First, on crashes, I refer again to message 5 in this thread. Function equality check crashes in Elm fall into a category that is both potentially detectable at compile time (unlike stack overflow) but aren’t caught. They can’t be caught at module load time the way cyclic references are. Instead, you have to actually perform the comparison and not have it short-circuited by referential equality. The net result is that this is a path to what could have been preventable crashes in production. It also leads to incidents like the recent case of someone here being puzzled at why comparing HTTP requests could crash. To understand why, you have to know that Decoders are basically wrappers around functions.

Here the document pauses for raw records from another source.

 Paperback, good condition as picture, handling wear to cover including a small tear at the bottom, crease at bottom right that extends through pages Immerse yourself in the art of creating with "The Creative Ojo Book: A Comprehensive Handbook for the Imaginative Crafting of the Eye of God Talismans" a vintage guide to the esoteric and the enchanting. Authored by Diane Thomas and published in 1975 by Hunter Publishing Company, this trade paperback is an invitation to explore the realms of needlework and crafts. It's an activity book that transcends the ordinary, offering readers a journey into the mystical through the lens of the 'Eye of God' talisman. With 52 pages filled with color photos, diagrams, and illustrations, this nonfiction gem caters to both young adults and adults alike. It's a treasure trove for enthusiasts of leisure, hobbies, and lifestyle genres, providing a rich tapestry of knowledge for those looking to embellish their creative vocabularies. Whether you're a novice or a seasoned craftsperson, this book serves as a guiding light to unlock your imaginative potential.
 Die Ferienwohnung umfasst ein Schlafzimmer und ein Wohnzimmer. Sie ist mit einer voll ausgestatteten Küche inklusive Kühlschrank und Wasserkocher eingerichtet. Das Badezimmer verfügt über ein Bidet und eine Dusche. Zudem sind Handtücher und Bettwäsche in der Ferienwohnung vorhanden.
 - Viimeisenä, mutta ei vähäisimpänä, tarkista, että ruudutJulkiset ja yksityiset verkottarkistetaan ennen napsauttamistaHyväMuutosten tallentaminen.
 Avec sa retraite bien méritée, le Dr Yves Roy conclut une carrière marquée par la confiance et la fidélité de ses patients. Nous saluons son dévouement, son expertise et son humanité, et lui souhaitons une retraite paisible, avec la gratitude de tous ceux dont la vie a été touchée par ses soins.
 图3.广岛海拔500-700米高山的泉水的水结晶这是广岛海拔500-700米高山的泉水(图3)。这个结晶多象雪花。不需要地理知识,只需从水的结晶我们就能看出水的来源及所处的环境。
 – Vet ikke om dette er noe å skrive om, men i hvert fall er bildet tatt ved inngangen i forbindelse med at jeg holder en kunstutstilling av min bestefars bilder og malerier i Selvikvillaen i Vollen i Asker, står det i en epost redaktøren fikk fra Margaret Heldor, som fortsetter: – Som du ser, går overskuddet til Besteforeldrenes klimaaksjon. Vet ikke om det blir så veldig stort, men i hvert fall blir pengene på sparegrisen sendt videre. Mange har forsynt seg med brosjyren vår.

Second, utility and performance. From a performance standpoint, lazy HTML demonstrates the value of caching. What if one wanted to build a caching mechanism for something else? For example layout computations that could not be handled by HTML or queries filtering down a dictionary full of items or subscription computations. But more broadly, the thing that characterizes functional programming languages is that they are much more friendly to building data structures that include functions as a first class component. See, for example, the discussion earlier in this thread about building dictionaries with the comparison function baked into the data structure. But if function equality checks can crash, then these need to be treated as second-class data structures ineligible for equality tests.

Finally, solutions. There seem to be three ways out if one doesn’t just accept the risks inherent in the current state of affairs. One is a type-system mechanism to prohibit function equality tests and hence equality tests of anything containing functions. One is to just use referential equality for functions. In practice, this will work but it does break some ability to reason about programs since it breaks referential transparency. And one is something like the structural equality definition I outlined which has the downside of being harder to compute with Elm’s current JavaScript implementation.

And with that summary, barring any significant new arguments — I really did find the point about >> semantics interesting to consider — I will now just tell myself that I’ve already pointed to all of the key issues.